• WHAT IS REQUIRED:
Pictures do not belong in the copy; retype the records below exactly.

[Extracted data entries]
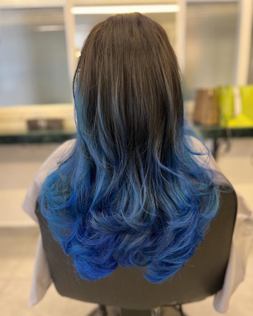 This gorgeous ocean-inspired blue ombre starts with dark, nearly black roots, flowing into a deep cobalt and brightening towards the tips. The seamless blend of hues resembles ocean depths, creating a unique, cool aesthetic for those who love statement colors. It’s a fantastic choice for brunettes looking to add bold color without completely bleaching their hair. This style suits those with long, wavy hair as the color adds dimension, highlighting each wave. This dye job is ideal for anyone ready to make a splash with a trendy, fun look in 2025.
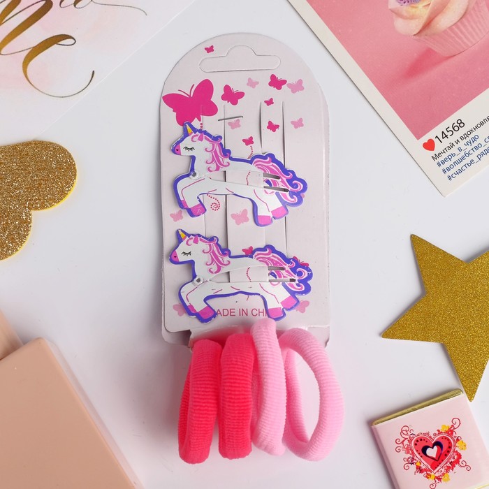 Набор для волос "Беверли" ( 4 резинки, 2 невидимки) единороги 5 см, микс
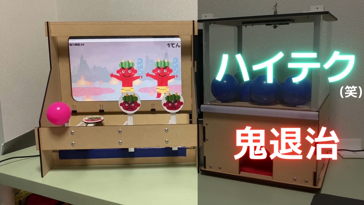 <span style="color: #ff9900; font-size: 18px;"><strong>節分が近いので、鬼役がいなくても鬼退治ができるように作ってみました。<br>個包装された豆を投げれば、気分は豆まきです。</strong></span><br><br><span style="color: #ff0000; font-size: 16px;"><strong>作品リスト:</strong></span><span style="font-size: 16px;"><strong><a href="https://www.nicovideo.jp/mylist/74533673" target="_blank" rel="noopener nofollow">https://www.nicovideo.jp/mylist/74533673</a></strong></span><br><br><span style="color: #0000ff; font-size: 16px;"><strong>製作過程等を発信しています<br>Twitter:</strong></span><a href="https://twitter.com/Ontama_Design" target="_blank" rel="noopener nofollow">https://twitter.com/Ontama_Design</a><br><br>YouTubeにも投稿しています。全然伸びません...(泣)<br><a href="https://www.youtube.com/channel/UCQC0h_wTUfk8entes6feTiA" target="_blank" rel="noopener nofollow">https://www.youtube.com/channel/UCQC0h_wTUfk8entes6feTiA</a><br><br><br><strong>使用させていただいたもの</strong><br>・合成音声:VOICEVOX:春日部つむぎ<br>・動画編集:Aviutl<br>・音楽:甘茶の音楽工房<br>・音楽:魔王魂<br>・効果音:効果音ラボ<br>・効果音:無料効果音で遊ぼう<br>・イラスト:いらすとや<br>・フォント:M+Font<br>
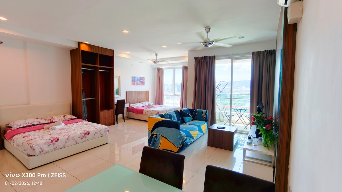 我們全新的舒適套房坐落在槟城市中心,前往當地旅遊景點很方便。日式/韓式餐廳和7-11便利商店就在我們的房源下方!步行5分鐘即可抵達當地美食、肯德基和必勝客! 我們提供 •優質的待客服務 •日出和城市景觀 • PS3娛樂和Netflix • 1 個私人停車位 • 100 Mbps WiFi • 無邊泳池景觀 •全屋空調 如果您喜歡這個繁忙城市中安靜舒適的地方,不要等待,立即預訂!!!
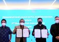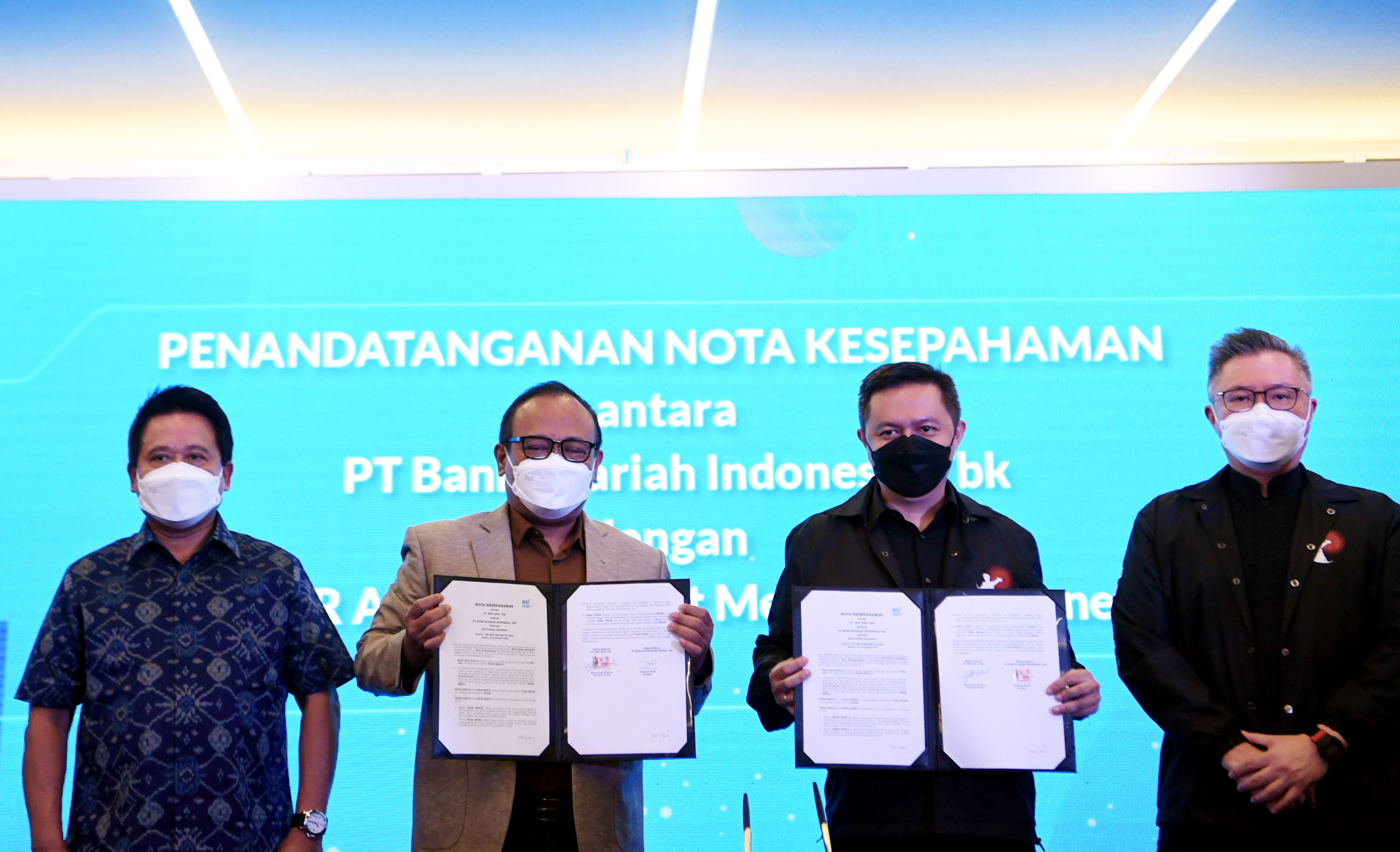 Penandatanganan dilakukan oleh Direktur Information Technology BSI Achmad Syafii (dua dari kiri) & Direktur Utama WIR Group Michael Budi (tiga dari kiri) dan Komisaris Utama WIR Group Daniel Surya (paling kanan).
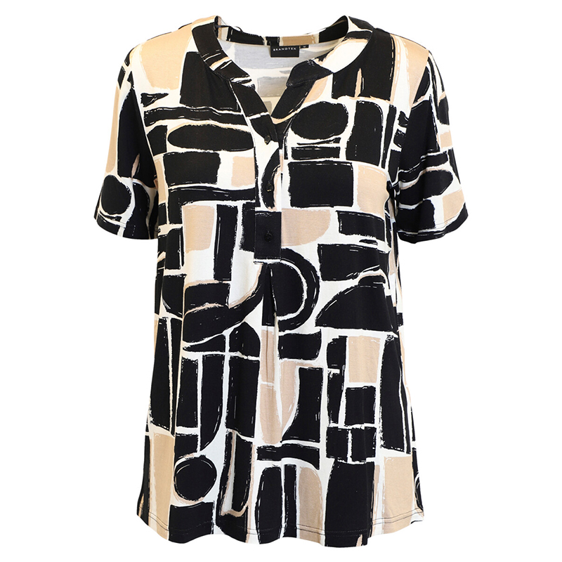Chandail en jersey à manches courtes, encolure ronde finie en pointe.
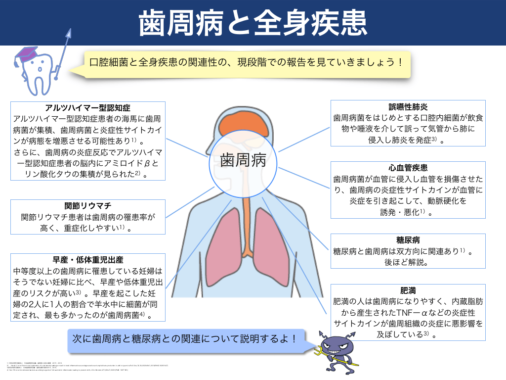 #4. 歯周病と全身疾患 口腔細菌と全身疾患の関連性の、現段階での報告を見ていきましょう!  アルツハイマー型認知症 アルツハイマー型認知症患者の海馬に歯周 病菌が集積、歯周病菌と炎症性サイトカイ ンが病態を増悪させる可能性あり1)。 さらに、歯周病の炎症反応でアルツハイマ ー型認知症患者の脳内にアミロイドβと リン酸化タウの集積が見られた2)。  誤嚥性肺炎 歯周病菌をはじめとする口腔内細菌が飲食 物や唾液を介して誤って気管から肺に 侵入し肺炎を発症3)。  歯周病  関節リウマチ 関節リウマチ患者は歯周病の罹患率が 高く、重症化しやすい1)。  早産・低体重児出産 中等度以上の歯周病に罹患している妊婦は そうでない妊婦に比べ、早産や低体重児出 産のリスクが高い3)。早産を起こした妊 婦の2人に1人の割合で羊水中に細菌が同 定され、最も多かったのが歯周病菌4)。  次に歯周病と糖尿病との関連について説明するよ! 1)特定非営利活動法人 2)  日本歯周病学会編、歯周病と全身の健康  2015.2016.  Ileivski V et al.:Chronic oral application of a periodontal pathogen result in brain inflammation,neurodegeneration and amyloid beta production in wild in type mice,PloS One,13(10):20204941,2018.(PMID 30281647)  3)特定非営利活動法人  日本歯周病学会編  歯周治療の指針2015.2016.  4)Han YW et al.:Uncultivated bacteria as etiologic agents of intra-amniotic inflammation leading to preterm birth,J Clin Micobiol,47(1):38-47,2009.(PMID 18971361)  心血管疾患 歯周病菌が血管に侵入し血管を損傷させた り、歯周病の炎症性サイトカインが血管に 炎症を引き起こして、動脈硬化を 誘発・悪化1)。  糖尿病 糖尿病と歯周病は双方向に関連あり1)。 後ほど解説。  肥満 肥満の人は歯周病になりやすく、内蔵
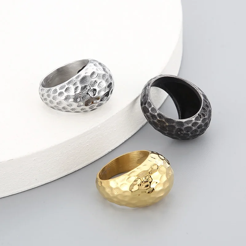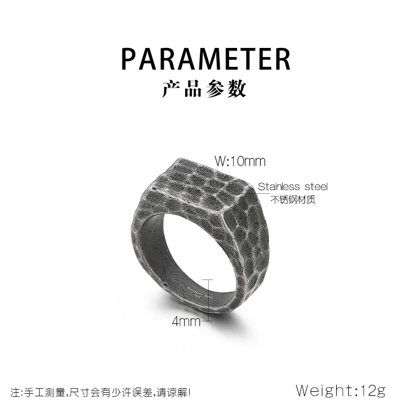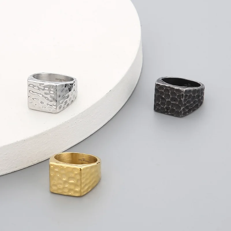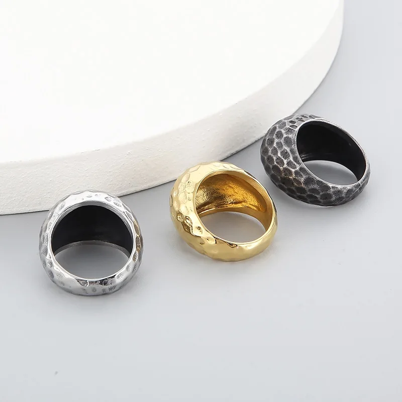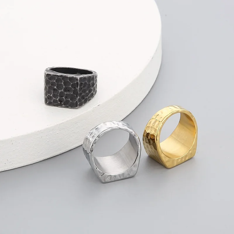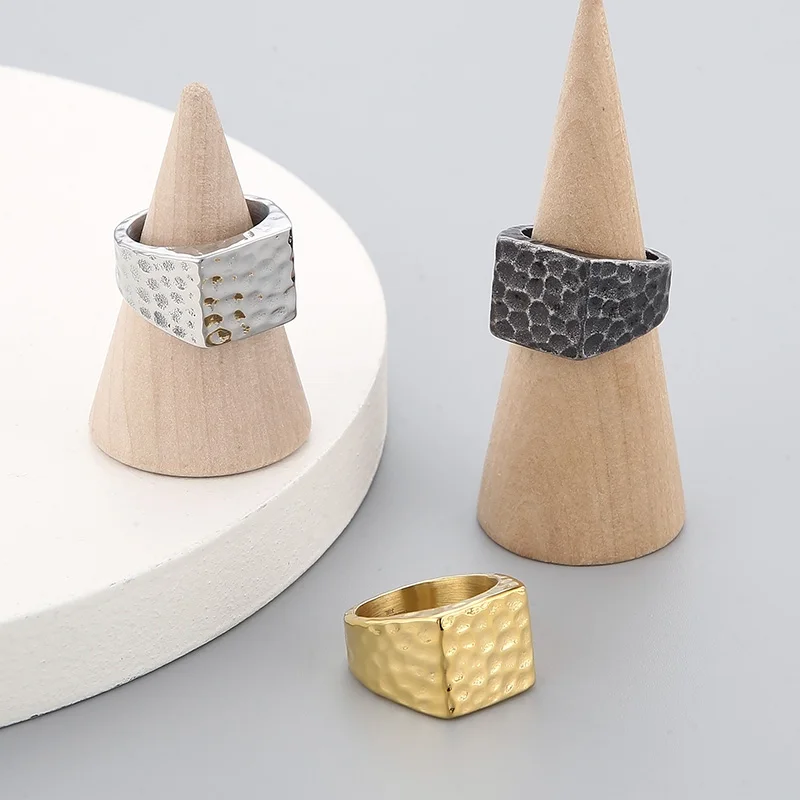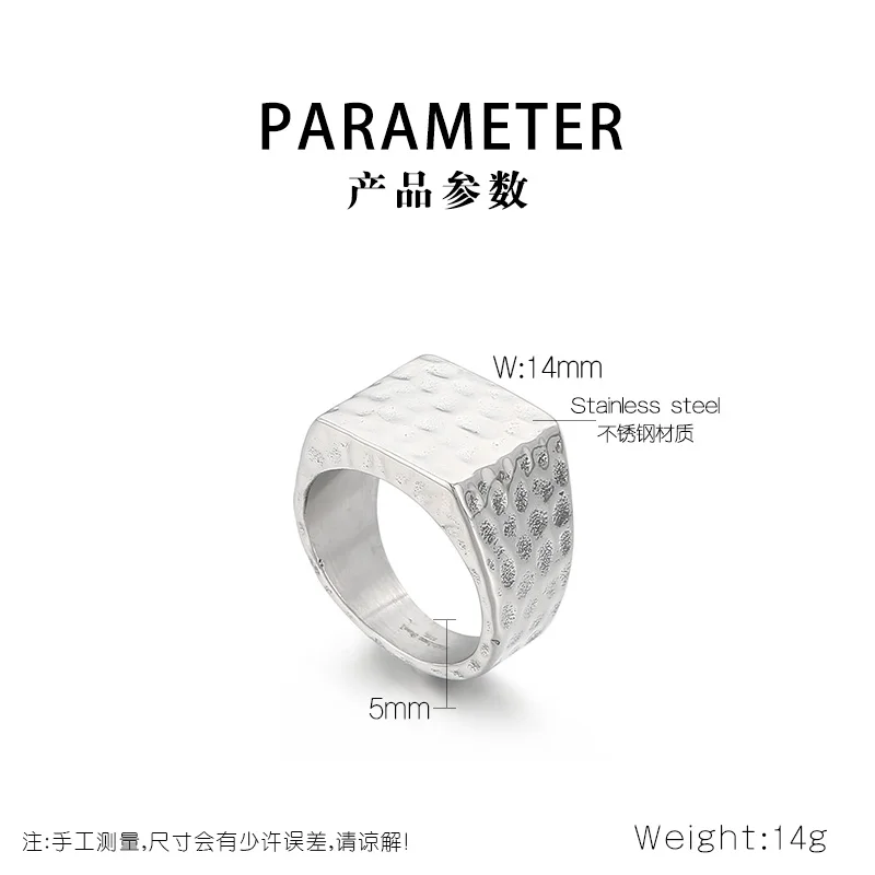 New Stainless Steel Rings For Women Men Hammer Pattern Square Oval Knuckle...
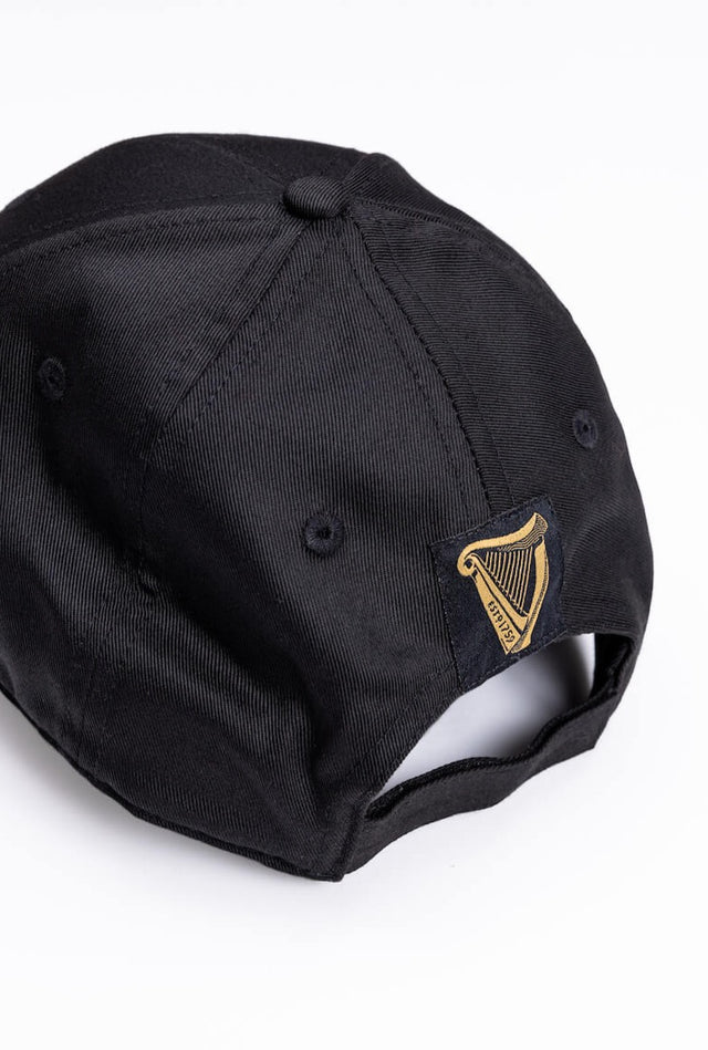 This baseball cap is part of the official Guinness merchandise. This black baseball cap has a Guinness Pint logo in front and a gold harp at the back. This baseball cap is made from 100% recycled materials.
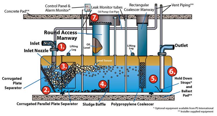 - The outlet pipe is located at the end of the separator and draws clean water from the most quiescent section of the vessel. The effluent will contain a free oil and grease discharge of no more than 15 ppm in PS and PSR model separators and no more than 10 ppm in PSC and PSRC model separators.

• THE COMPLETED TASK:
 This gorgeous ocean-inspired blue ombre starts with dark, nearly black roots, flowing into a deep cobalt and brightening towards the tips. The seamless blend of hues resembles ocean depths, creating a unique, cool aesthetic for those who love statement colors. It’s a fantastic choice for brunettes looking to add bold color without completely bleaching their hair. This style suits those with long, wavy hair as the color adds dimension, highlighting each wave. This dye job is ideal for anyone ready to make a splash with a trendy, fun look in 2025.
 Набор для волос "Беверли" ( 4 резинки, 2 невидимки) единороги 5 см, микс
 <span style="color: #ff9900; font-size: 18px;"><strong>節分が近いので、鬼役がいなくても鬼退治ができるように作ってみました。<br>個包装された豆を投げれば、気分は豆まきです。</strong></span><br><br><span style="color: #ff0000; font-size: 16px;"><strong>作品リスト:</strong></span><span style="font-size: 16px;"><strong><a href="https://www.nicovideo.jp/mylist/74533673" target="_blank" rel="noopener nofollow">https://www.nicovideo.jp/mylist/74533673</a></strong></span><br><br><span style="color: #0000ff; font-size: 16px;"><strong>製作過程等を発信しています<br>Twitter:</strong></span><a href="https://twitter.com/Ontama_Design" target="_blank" rel="noopener nofollow">https://twitter.com/Ontama_Design</a><br><br>YouTubeにも投稿しています。全然伸びません...(泣)<br><a href="https://www.youtube.com/channel/UCQC0h_wTUfk8entes6feTiA" target="_blank" rel="noopener nofollow">https://www.youtube.com/channel/UCQC0h_wTUfk8entes6feTiA</a><br><br><br><strong>使用させていただいたもの</strong><br>・合成音声:VOICEVOX:春日部つむぎ<br>・動画編集:Aviutl<br>・音楽:甘茶の音楽工房<br>・音楽:魔王魂<br>・効果音:効果音ラボ<br>・効果音:無料効果音で遊ぼう<br>・イラスト:いらすとや<br>・フォント:M+Font<br>
 我們全新的舒適套房坐落在槟城市中心,前往當地旅遊景點很方便。日式/韓式餐廳和7-11便利商店就在我們的房源下方!步行5分鐘即可抵達當地美食、肯德基和必勝客! 我們提供 •優質的待客服務 •日出和城市景觀 • PS3娛樂和Netflix • 1 個私人停車位 • 100 Mbps WiFi • 無邊泳池景觀 •全屋空調 如果您喜歡這個繁忙城市中安靜舒適的地方,不要等待,立即預訂!!!
 Penandatanganan dilakukan oleh Direktur Information Technology BSI Achmad Syafii (dua dari kiri) & Direktur Utama WIR Group Michael Budi (tiga dari kiri) dan Komisaris Utama WIR Group Daniel Surya (paling kanan).
Chandail en jersey à manches courtes, encolure ronde finie en pointe.
 #4. 歯周病と全身疾患 口腔細菌と全身疾患の関連性の、現段階での報告を見ていきましょう!  アルツハイマー型認知症 アルツハイマー型認知症患者の海馬に歯周 病菌が集積、歯周病菌と炎症性サイトカイ ンが病態を増悪させる可能性あり1)。 さらに、歯周病の炎症反応でアルツハイマ ー型認知症患者の脳内にアミロイドβと リン酸化タウの集積が見られた2)。  誤嚥性肺炎 歯周病菌をはじめとする口腔内細菌が飲食 物や唾液を介して誤って気管から肺に 侵入し肺炎を発症3)。  歯周病  関節リウマチ 関節リウマチ患者は歯周病の罹患率が 高く、重症化しやすい1)。  早産・低体重児出産 中等度以上の歯周病に罹患している妊婦は そうでない妊婦に比べ、早産や低体重児出 産のリスクが高い3)。早産を起こした妊 婦の2人に1人の割合で羊水中に細菌が同 定され、最も多かったのが歯周病菌4)。  次に歯周病と糖尿病との関連について説明するよ! 1)特定非営利活動法人 2)  日本歯周病学会編、歯周病と全身の健康  2015.2016.  Ileivski V et al.:Chronic oral application of a periodontal pathogen result in brain inflammation,neurodegeneration and amyloid beta production in wild in type mice,PloS One,13(10):20204941,2018.(PMID 30281647)  3)特定非営利活動法人  日本歯周病学会編  歯周治療の指針2015.2016.  4)Han YW et al.:Uncultivated bacteria as etiologic agents of intra-amniotic inflammation leading to preterm birth,J Clin Micobiol,47(1):38-47,2009.(PMID 18971361)  心血管疾患 歯周病菌が血管に侵入し血管を損傷させた り、歯周病の炎症性サイトカインが血管に 炎症を引き起こして、動脈硬化を 誘発・悪化1)。  糖尿病 糖尿病と歯周病は双方向に関連あり1)。 後ほど解説。  肥満 肥満の人は歯周病になりやすく、内蔵
 New Stainless Steel Rings For Women Men Hammer Pattern Square Oval Knuckle...
 This baseball cap is part of the official Guinness merchandise. This black baseball cap has a Guinness Pint logo in front and a gold harp at the back. This baseball cap is made from 100% recycled materials.
 - The outlet pipe is located at the end of the separator and draws clean water from the most quiescent section of the vessel. The effluent will contain a free oil and grease discharge of no more than 15 ppm in PS and PSR model separators and no more than 10 ppm in PSC and PSRC model separators.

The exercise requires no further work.